Procrastination

procrastinationEach week I wonder what I’ll decide to write as my next blog post. Ideally, a theme moves into my thoughts by Saturday or Sunday. If not, I pray that one will float down on Monday (picture the Baroque era’s theatrical deus ex machina lobbing perfectly polished words onto my stage).

And now it is Tuesday afternoon. A summer storm is brewing. The thunder scares my old border collie who is cowering at my feet. Josie is almost deaf and can no longer hear us calling her to go outside, but she still hears the distant rumbling of thunder.

Four or five ideas vie for my attention. Yet none of them is winning me over. Maybe I need to give it more time.
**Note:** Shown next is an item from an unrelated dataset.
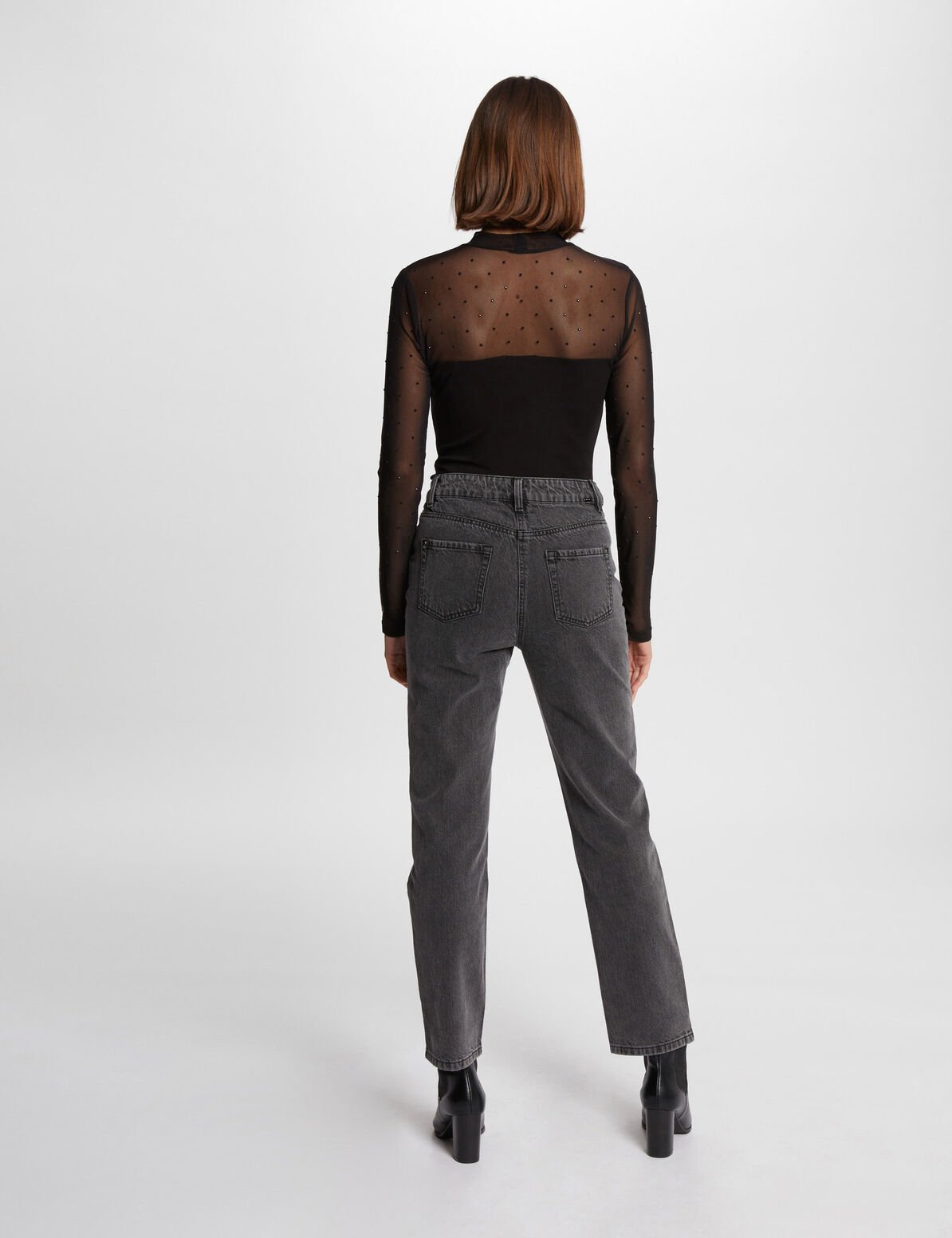 Detalles strass en el cuello, los hombros, las mangas y en la espalda

Or . . . maybe I’m just procrastinating.

I have a long relationship with procrastination. Let’s face it, we all have plenty to do. Cooking, cleaning, laundry, paying the bills, mowing the yard, and, oh yes, studying and writing. And they need to be done by someone.

My problem, though, is not the work involved in doing of these tasks, but my stubborn resistance to beginning them. The Romans had a good word for this problem: procrastinatio, built from the prefix pro (forward) and crastinus (belonging to tomorrow). Many of us learned this maxim as children:

Never put off until tomorrow what you can do today.

I hated that sentence. Plus, aren’t there times when things can be put off to good result? Perhaps that is what Mark Twain had in mind when he quipped:

Do not put off till tomorrow what can be put off till day-after-tomorrow just as well.

I’m glad I didn’t know that saying growing up! I’d have used it and gotten in even more trouble.

But, seriously now, procrastination causes total train wrecks in one’s life. Not-so-funny memories of my student procrastination came flooding back to me two weeks ago at a conference in California when a young man—rising senior as I recall—dropped by to buy a copy of my new book Why Freshman Fail. We talked at length. He said if the book helped him avoid one problem, it was worth it.

I agreed he’d be aided by various parts of the book and summarized the main points as I put it in the bag. “Oh, those things don’t worry me,” he said (he may find out differently when he gets to college!). He worried about his penchant for procrastination.

He got more sympathy from me than he expected. I shared my struggles with procrastination growing up. Regular duties were hard for me, especially practicing the piano. It was really not until graduate school that I figured out a solution to procrastination. It came down to numbers. One day a peer said:

You know, Carol. You spend more time and effort “not doing” something, than doing it.

Suddenly, the light dawned. I saw it as an equation. On one side, the X amount of energy needed to accomplish a task; on the other, the 5x amount of energy spent procrastinating. Mathematically, procrastination took more effort. Who knew?

It wasn’t a complete cure, but it helped. I began to step back and look at my habits of procrastination, seeing them as wastes of energy. Wouldn’t it be more fun to spend that energy doing something I actually wanted to do?

I still enjoy the intensity of pushing against a deadline in some cases. For example, when leading tours, I often like to get my boots on the ground before completing the preparation of lectures that are linked to the destination and the specific group of listeners.

But most of the time, there is no utility in putting things off—only a problem waiting to happen. What if the time runs out? A sentence from our Sunday liturgy hits me hard every time we say it:

We confess that we have sinned against Thee in thought, word, and deed, by what we have done, and by what we have left undone.

These words imply far greater things than neglecting to empty the dishwasher. No matter how much we accomplish during our human experience, we are going to fall short. I’m convinced that, looking back across years, it will be the bitterness of a letter not answered, a phone call not made, or regret over a kindness not extended that will cause us to shed the most tears.

I couldn’t say all of this to my young visitor. He had plenty to think about just learning not to procrastinate on his future term papers. He will discover soon enough the larger implications, as we all do. Meanwhile, I need to stop procrastinating and write my weekly entry. Except . . . perhaps I just did.